→ **To do**
Leaving every picture out, please return exactly the lines from the top of the material below through the line with "A half-zip velor", both included.

[Exercise data — start]

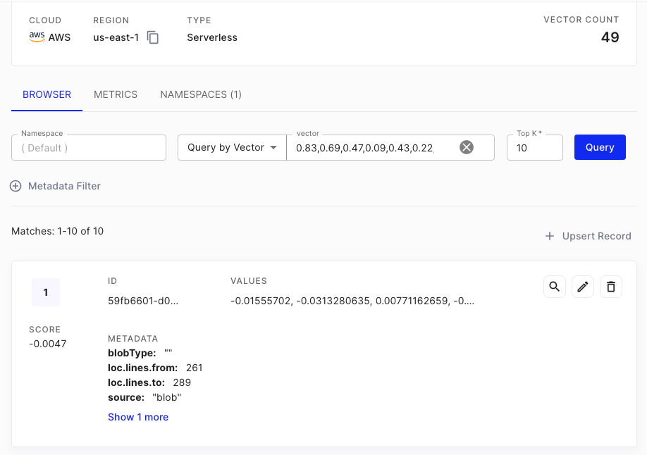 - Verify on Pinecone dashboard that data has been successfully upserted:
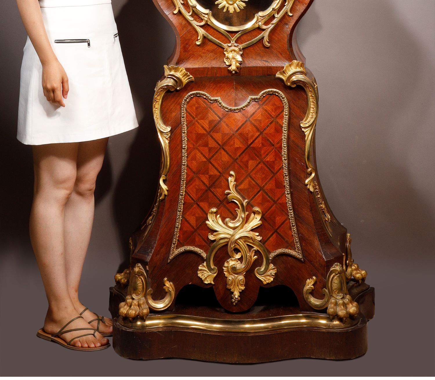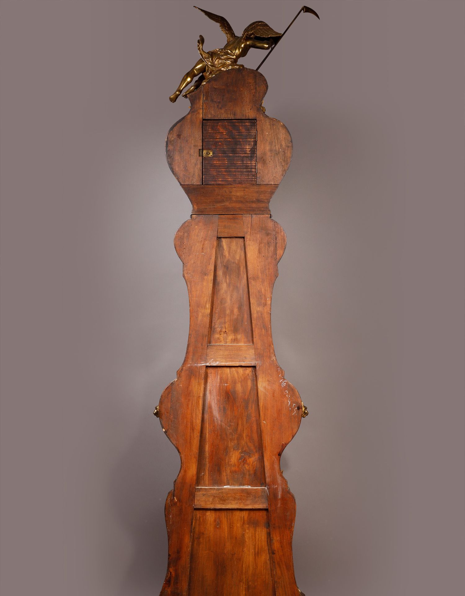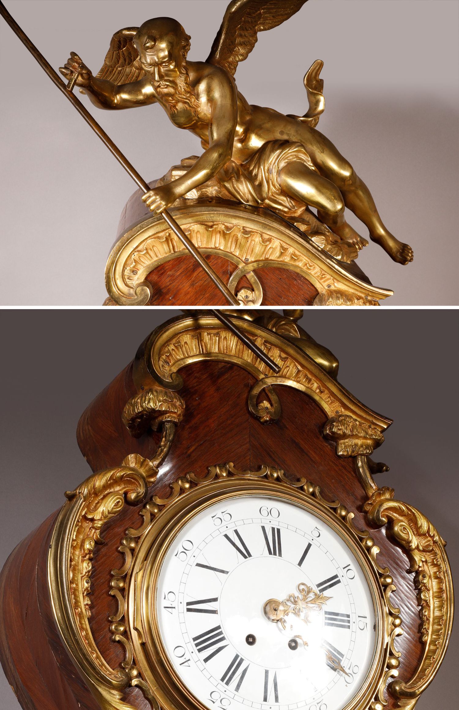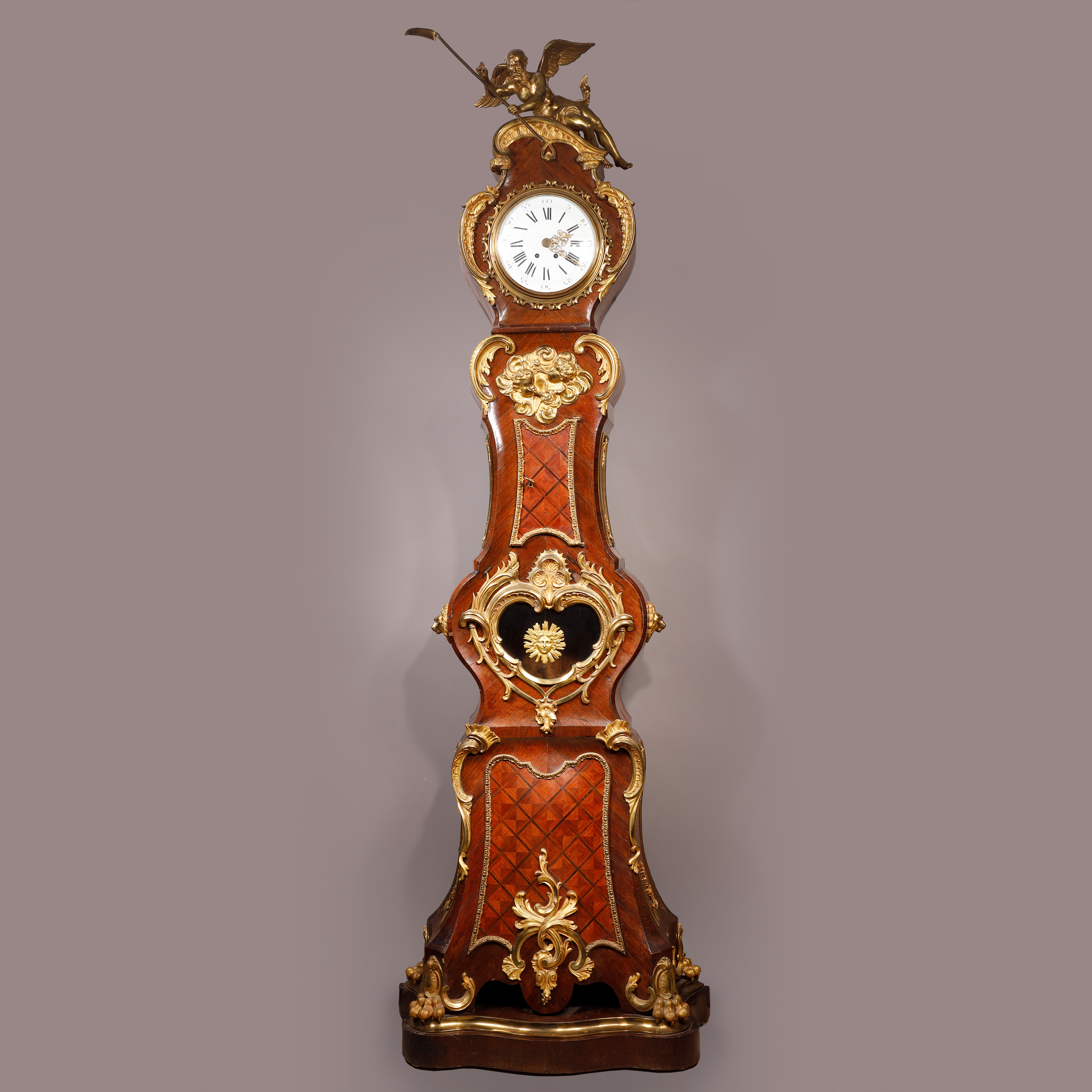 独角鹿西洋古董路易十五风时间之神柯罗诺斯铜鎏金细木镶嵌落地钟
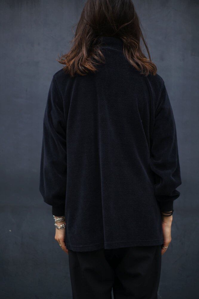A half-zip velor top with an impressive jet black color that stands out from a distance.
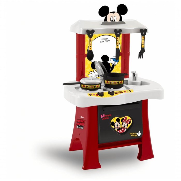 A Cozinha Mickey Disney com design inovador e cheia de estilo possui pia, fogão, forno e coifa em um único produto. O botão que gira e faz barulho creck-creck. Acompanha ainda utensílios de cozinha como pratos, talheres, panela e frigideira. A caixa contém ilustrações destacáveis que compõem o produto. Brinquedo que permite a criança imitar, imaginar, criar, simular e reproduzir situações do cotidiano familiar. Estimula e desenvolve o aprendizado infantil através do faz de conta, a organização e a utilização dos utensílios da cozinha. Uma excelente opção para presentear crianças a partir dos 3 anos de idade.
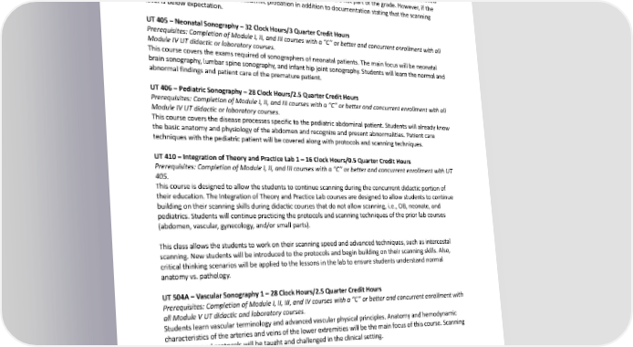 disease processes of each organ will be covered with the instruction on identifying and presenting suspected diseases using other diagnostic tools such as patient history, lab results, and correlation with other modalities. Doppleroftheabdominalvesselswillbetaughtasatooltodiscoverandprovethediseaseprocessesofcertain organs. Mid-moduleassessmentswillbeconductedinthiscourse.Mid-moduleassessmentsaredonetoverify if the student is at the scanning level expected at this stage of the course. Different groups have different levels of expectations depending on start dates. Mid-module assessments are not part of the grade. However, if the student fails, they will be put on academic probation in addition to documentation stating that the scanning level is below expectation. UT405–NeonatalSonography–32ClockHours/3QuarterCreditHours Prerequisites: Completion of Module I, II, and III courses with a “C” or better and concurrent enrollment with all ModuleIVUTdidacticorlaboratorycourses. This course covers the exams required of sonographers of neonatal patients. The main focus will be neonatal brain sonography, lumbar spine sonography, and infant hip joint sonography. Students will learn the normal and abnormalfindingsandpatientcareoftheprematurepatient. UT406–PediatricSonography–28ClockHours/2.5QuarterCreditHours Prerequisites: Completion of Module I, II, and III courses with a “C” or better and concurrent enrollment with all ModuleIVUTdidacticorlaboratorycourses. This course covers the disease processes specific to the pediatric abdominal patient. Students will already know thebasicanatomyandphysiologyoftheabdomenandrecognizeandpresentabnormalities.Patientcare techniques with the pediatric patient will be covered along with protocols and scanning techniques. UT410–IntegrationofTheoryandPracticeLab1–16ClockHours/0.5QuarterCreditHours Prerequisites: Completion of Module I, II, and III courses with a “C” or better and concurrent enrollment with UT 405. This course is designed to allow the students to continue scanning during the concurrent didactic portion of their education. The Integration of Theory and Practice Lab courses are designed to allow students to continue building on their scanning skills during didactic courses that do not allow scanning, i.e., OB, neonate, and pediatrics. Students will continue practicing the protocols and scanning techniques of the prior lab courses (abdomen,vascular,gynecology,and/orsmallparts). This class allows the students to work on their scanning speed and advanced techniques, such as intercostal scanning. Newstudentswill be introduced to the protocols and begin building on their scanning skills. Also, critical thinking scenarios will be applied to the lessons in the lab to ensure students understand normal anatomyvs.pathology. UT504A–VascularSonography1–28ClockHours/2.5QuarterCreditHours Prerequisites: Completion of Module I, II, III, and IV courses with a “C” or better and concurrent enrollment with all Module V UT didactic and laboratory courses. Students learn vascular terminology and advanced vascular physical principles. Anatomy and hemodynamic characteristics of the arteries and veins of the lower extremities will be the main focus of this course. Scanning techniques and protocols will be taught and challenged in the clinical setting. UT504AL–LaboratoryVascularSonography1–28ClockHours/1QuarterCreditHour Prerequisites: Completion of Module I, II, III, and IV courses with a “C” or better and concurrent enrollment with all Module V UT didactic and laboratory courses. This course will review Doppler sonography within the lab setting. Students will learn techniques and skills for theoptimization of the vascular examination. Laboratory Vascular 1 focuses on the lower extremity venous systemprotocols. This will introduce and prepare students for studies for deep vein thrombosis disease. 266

[Exercise data — finish]

→ **Response to this task**
 - Verify on Pinecone dashboard that data has been successfully upserted:
 独角鹿西洋古董路易十五风时间之神柯罗诺斯铜鎏金细木镶嵌落地钟
A half-zip velor top with an impressive jet black color that stands out from a distance.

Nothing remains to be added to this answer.